Ces charges couvrent des postes concrets et non négligeables :
- Un préparateur physique : entre 6 000 et 18 000 euros par an
- Kinésithérapie, ostéopathie, matériel médical et consultations : 11 400 à 28 700 euros annuels
- Déplacements, hébergements et frais divers liés aux matchs
Les arbitres du groupe Élite UEFA — dont Clément Turpin fait partie — bénéficient d'un bonus mensuel supplémentaire de 2 000 euros, soit 24 000 euros annuels, auxquels s'ajoutent des primes internationales. Un arbitre Élite actif peut ainsi atteindre entre 250 000 et 320 000 euros bruts par an. La Coupe du Monde 2022 illustre bien ce potentiel : chaque arbitre sélectionné a perçu un forfait de 68 000 euros, avec des primes pouvant grimper jusqu'à 19 200 euros par match en phase finale. En Ligue des Champions, les primes varient de 6 000 euros en phase de groupes à 10 000 euros pour la finale.

Rémunération des arbitres amateurs et comparaison internationale
Loin des projecteurs de la Ligue 1, la grande majorité des 21 000 arbitres officiels de football en France sifflent pour des sommes bien modestes. Un arbitre de district perçoit entre 30 et 80 euros par match selon la catégorie. À raison de 3 matchs par semaine sur 30 semaines, cela représente environ 4 500 euros bruts par an — un simple complément de revenu, pas un salaire. Au niveau régional, les gains annuels plafonnent entre 800 et 2 000 euros.
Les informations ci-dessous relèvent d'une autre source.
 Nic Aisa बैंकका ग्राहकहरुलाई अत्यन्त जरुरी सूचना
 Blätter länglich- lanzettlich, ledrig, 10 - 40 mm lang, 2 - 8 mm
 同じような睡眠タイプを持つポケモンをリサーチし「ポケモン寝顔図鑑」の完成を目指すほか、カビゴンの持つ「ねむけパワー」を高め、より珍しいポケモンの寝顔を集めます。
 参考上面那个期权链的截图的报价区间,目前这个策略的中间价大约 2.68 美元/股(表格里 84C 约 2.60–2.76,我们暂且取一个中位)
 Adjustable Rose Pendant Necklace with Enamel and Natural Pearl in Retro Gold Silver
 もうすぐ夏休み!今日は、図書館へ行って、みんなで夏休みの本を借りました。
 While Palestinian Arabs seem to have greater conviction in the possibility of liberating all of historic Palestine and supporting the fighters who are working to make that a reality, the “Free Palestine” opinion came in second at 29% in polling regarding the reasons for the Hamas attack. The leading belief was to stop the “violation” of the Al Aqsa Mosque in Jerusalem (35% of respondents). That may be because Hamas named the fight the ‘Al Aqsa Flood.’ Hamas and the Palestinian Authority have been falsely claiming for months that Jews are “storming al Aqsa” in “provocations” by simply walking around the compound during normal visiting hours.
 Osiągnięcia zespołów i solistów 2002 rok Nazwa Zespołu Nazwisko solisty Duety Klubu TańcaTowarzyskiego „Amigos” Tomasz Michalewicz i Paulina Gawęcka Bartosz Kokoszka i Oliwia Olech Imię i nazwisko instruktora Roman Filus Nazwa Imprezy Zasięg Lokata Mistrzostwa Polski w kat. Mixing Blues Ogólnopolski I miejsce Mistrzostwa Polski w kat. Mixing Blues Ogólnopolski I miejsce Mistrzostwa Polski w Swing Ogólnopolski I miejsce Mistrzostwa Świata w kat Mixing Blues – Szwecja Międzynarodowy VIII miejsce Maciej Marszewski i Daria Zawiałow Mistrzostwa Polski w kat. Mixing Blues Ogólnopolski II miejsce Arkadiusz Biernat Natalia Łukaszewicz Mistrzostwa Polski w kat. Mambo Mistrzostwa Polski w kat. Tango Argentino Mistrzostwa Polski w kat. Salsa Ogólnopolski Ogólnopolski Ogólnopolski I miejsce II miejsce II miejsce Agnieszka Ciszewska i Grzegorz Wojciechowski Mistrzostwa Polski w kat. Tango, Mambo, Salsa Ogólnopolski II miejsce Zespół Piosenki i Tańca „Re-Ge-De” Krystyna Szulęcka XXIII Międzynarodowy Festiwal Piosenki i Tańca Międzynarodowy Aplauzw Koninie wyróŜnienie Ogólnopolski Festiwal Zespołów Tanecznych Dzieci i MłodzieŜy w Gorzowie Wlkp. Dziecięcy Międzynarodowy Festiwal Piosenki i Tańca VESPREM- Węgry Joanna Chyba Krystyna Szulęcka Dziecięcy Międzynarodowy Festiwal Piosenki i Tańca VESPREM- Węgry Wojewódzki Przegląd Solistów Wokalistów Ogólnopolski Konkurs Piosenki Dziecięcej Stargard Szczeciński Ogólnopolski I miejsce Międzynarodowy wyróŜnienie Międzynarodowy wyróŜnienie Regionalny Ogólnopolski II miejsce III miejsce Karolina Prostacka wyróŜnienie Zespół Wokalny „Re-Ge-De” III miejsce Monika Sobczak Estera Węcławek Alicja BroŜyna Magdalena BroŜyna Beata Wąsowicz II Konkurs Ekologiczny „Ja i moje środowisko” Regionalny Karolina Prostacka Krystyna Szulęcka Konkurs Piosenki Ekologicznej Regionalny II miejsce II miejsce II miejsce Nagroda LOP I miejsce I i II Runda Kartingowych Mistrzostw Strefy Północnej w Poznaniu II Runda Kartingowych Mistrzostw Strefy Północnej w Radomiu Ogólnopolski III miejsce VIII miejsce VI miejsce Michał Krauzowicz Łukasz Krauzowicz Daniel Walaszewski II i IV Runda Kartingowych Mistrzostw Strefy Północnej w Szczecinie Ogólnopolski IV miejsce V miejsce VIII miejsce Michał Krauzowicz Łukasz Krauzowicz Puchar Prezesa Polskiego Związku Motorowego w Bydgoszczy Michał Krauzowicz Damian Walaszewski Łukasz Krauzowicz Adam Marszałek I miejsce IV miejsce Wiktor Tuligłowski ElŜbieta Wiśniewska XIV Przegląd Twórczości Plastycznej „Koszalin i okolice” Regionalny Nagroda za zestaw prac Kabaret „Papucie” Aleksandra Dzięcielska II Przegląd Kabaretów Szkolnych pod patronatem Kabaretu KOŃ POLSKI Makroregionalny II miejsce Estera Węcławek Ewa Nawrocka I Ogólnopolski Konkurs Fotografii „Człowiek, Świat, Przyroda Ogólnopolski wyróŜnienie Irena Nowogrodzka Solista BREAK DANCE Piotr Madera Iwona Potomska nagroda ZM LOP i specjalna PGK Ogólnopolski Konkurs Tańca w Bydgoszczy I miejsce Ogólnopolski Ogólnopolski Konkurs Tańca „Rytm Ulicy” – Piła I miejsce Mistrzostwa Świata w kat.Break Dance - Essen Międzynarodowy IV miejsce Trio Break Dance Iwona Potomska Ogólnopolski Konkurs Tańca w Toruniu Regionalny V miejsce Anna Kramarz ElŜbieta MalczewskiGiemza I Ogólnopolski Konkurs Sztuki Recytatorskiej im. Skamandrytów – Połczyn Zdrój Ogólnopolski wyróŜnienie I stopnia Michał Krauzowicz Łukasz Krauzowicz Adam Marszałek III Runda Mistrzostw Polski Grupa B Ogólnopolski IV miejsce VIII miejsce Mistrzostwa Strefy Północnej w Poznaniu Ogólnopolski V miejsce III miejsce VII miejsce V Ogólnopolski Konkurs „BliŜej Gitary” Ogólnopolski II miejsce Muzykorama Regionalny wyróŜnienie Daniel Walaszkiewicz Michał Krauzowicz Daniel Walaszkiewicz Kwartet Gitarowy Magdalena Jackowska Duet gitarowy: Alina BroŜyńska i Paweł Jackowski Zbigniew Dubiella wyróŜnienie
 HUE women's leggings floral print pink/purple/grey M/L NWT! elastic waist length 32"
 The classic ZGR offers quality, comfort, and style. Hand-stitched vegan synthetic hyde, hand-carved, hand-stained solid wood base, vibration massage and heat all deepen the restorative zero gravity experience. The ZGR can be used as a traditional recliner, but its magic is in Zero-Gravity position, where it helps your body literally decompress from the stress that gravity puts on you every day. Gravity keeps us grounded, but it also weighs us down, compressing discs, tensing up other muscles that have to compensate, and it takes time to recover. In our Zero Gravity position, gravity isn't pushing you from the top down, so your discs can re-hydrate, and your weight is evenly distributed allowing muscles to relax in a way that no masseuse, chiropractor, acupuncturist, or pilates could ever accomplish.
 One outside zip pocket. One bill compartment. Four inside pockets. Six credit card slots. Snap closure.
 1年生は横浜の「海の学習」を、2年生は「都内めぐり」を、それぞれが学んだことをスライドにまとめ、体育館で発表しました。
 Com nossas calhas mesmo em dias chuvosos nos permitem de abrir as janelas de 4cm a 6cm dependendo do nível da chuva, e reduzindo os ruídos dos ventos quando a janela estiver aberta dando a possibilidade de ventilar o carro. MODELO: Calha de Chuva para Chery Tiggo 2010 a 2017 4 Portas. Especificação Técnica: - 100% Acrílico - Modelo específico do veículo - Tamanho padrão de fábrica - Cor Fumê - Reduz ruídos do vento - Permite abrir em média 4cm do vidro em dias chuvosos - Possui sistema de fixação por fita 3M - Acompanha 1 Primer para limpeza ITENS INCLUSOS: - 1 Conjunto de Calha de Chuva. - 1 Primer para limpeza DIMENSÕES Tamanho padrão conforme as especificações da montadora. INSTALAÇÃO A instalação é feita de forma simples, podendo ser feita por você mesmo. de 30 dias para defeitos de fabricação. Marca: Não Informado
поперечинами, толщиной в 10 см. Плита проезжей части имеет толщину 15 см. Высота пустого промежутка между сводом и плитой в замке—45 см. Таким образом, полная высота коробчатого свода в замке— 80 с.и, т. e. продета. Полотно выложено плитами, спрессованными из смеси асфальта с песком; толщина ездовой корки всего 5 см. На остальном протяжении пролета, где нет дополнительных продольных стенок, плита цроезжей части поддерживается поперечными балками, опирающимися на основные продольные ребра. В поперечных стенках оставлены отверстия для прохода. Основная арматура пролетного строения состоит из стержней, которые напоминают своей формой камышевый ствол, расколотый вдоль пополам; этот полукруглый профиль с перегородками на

Cette réalité explique en partie la pénurie de vocations. En 2023, on comptait 238 000 arbitres au sein des fédérations sportives françaises, dont 30,5 % de femmes. Le football n'en concentrait que 17 000, loin derrière le tennis (30 000) et la natation (18 000). Stéphanie Frappart, devenue en 2019 la première femme à arbitrer en Ligue 1, puis en 2022 la première à officier lors d'un match de Coupe du Monde masculine, symbolise une progression réelle — mais les conditions d'exercice restent difficiles. En 2023-2024, 245 cas de violences physiques contre des arbitres ont été recensés en France. 70 % des arbitres européens déclarent avoir subi des abus verbaux en 2024, et 40 % envisagent de quitter la profession.
Sur le plan international, les arbitres français restent les moins bien payés du Big Five européen : les Espagnols touchent en moyenne 264 500 euros par an, les Allemands 194 000 euros, les Italiens 160 000 euros et les Anglais 158 000 euros. Si vous réfléchissez à l'arbitrage comme activité complémentaire structurée, sachez que le vrai levier n'est pas le niveau amateur — c'est la trajectoire vers le national et l'international, où la progression salariale devient véritablement significative.